* _Given material_:

________________

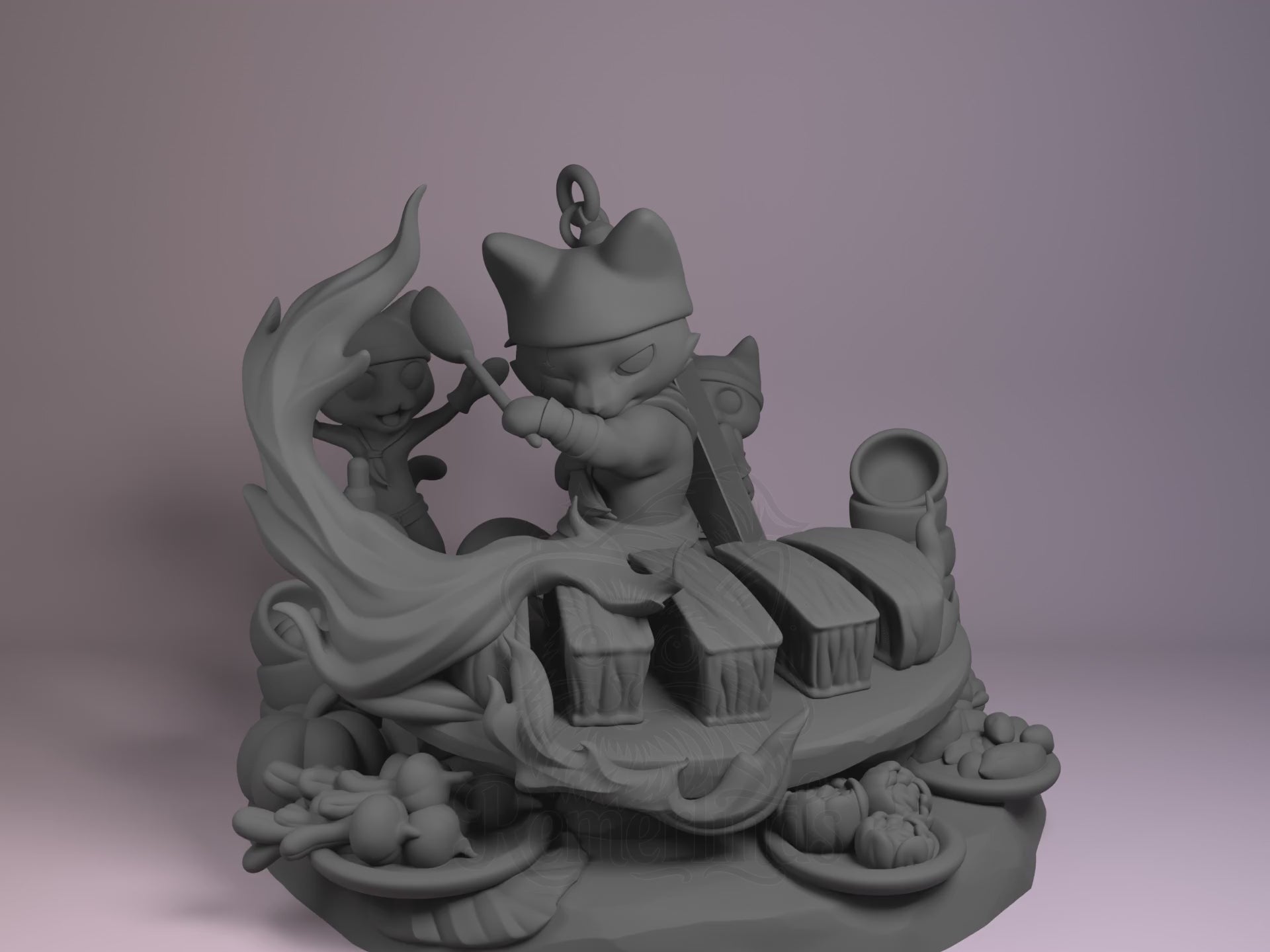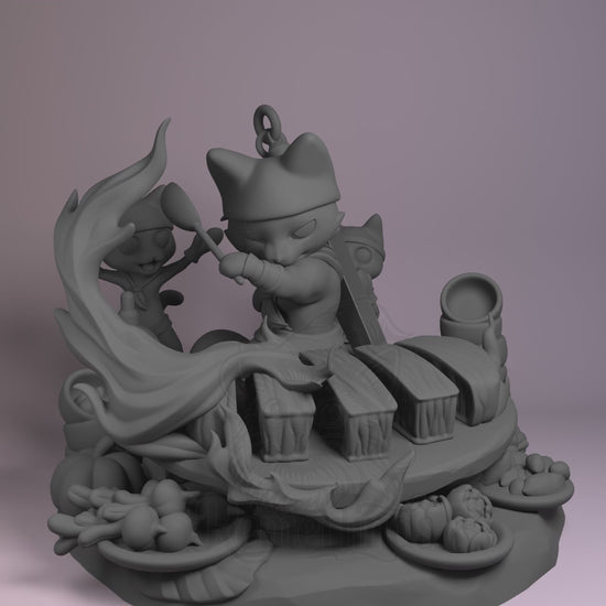 Meowscular Chef from Monster Hunter as a 3D printed resin figure by Nomnom Figures — unpainted 16K print ready to assemble and paint. This chibi scene captures the legendary feline chef mid-cooking, surrounded by a lavish feast of meats and vegetables, perfectly sculpted for fans of the Monster Hunter kitchen.
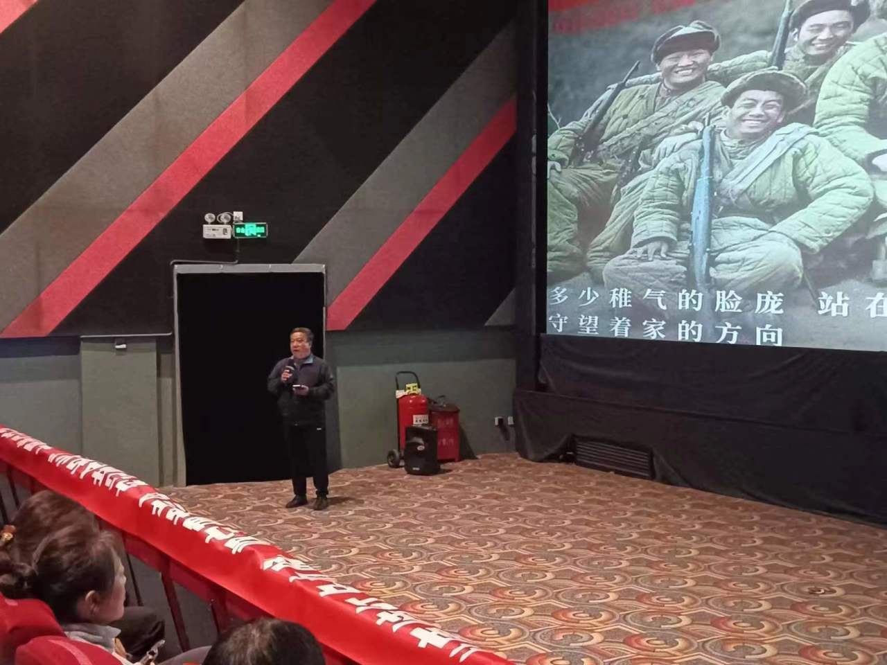 电影放映前,我校人文学院历史系主任王文涛老师以弘扬抗美援朝精神为主题,和到场党员重温了抗美援朝战争的背景和重大政治意义。
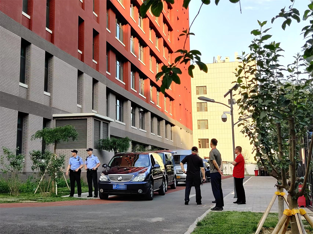 6月7日6点前,高考试卷运输车辆陆续到达北京市海淀区教育招生和考试中心院内。本文图片均为澎湃新闻记者程婷图
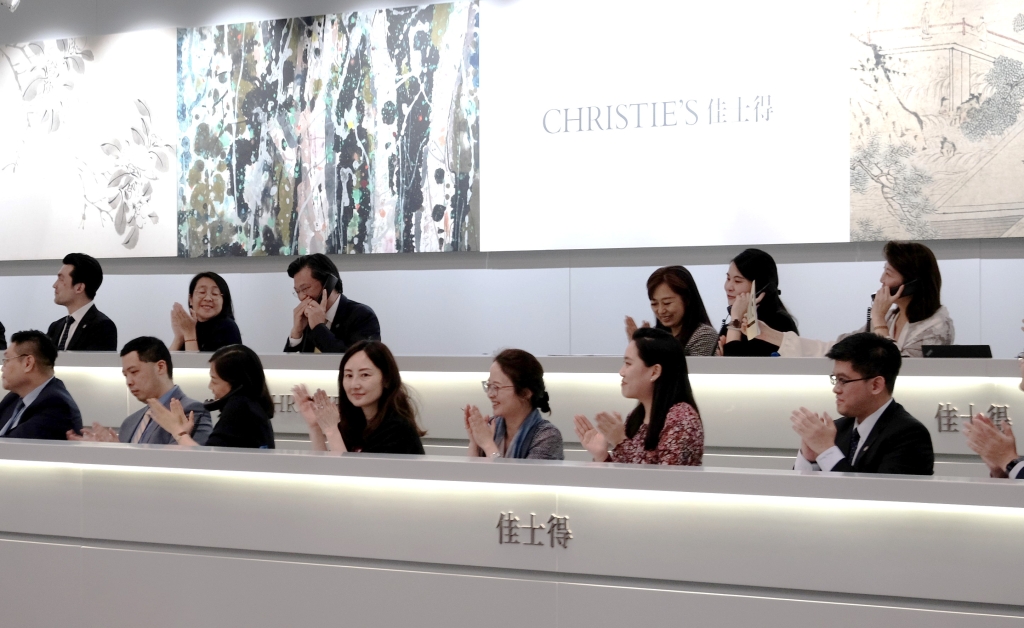 除了千萬高價,溥心畬在本場的表現也十分亮眼,電話、網路、現場買家皆展現高度興趣,有多件表現超過估價。今年適逢溥心畬仙逝一甲子,佳士得特自寒玉堂故友徵得書畫作品13件套,含《烏來遊記》絹本手卷、《變葉木賦》、《歸去來辭》成扇、《嫦娥奔月》絹本、《翠蔭晚景》、《一葦渡江》、《十二月令》書法聯屏等,多為渡海初期作品,買家反應熱烈,11件成交。其中《嫦娥奔月》尺幅精巧,氣質空靈,現場、網路、電話買家累積24口競價,終由中國書畫部主管游世勳的電話買家以120萬港元落槌,逾低估價7倍多151萬2000港元成交,成為亮點。此外,《十二月令》獲100萬8000港元成交價,《烏來遊記》得88萬2000港元成績。

________________

Exactly the lines from the one containing "电影放映前,我校人文学院历史" through the last line of the data above should be output, both ends included, with every picture left out.

 电影放映前,我校人文学院历史系主任王文涛老师以弘扬抗美援朝精神为主题,和到场党员重温了抗美援朝战争的背景和重大政治意义。
 6月7日6点前,高考试卷运输车辆陆续到达北京市海淀区教育招生和考试中心院内。本文图片均为澎湃新闻记者程婷图
 除了千萬高價,溥心畬在本場的表現也十分亮眼,電話、網路、現場買家皆展現高度興趣,有多件表現超過估價。今年適逢溥心畬仙逝一甲子,佳士得特自寒玉堂故友徵得書畫作品13件套,含《烏來遊記》絹本手卷、《變葉木賦》、《歸去來辭》成扇、《嫦娥奔月》絹本、《翠蔭晚景》、《一葦渡江》、《十二月令》書法聯屏等,多為渡海初期作品,買家反應熱烈,11件成交。其中《嫦娥奔月》尺幅精巧,氣質空靈,現場、網路、電話買家累積24口競價,終由中國書畫部主管游世勳的電話買家以120萬港元落槌,逾低估價7倍多151萬2000港元成交,成為亮點。此外,《十二月令》獲100萬8000港元成交價,《烏來遊記》得88萬2000港元成績。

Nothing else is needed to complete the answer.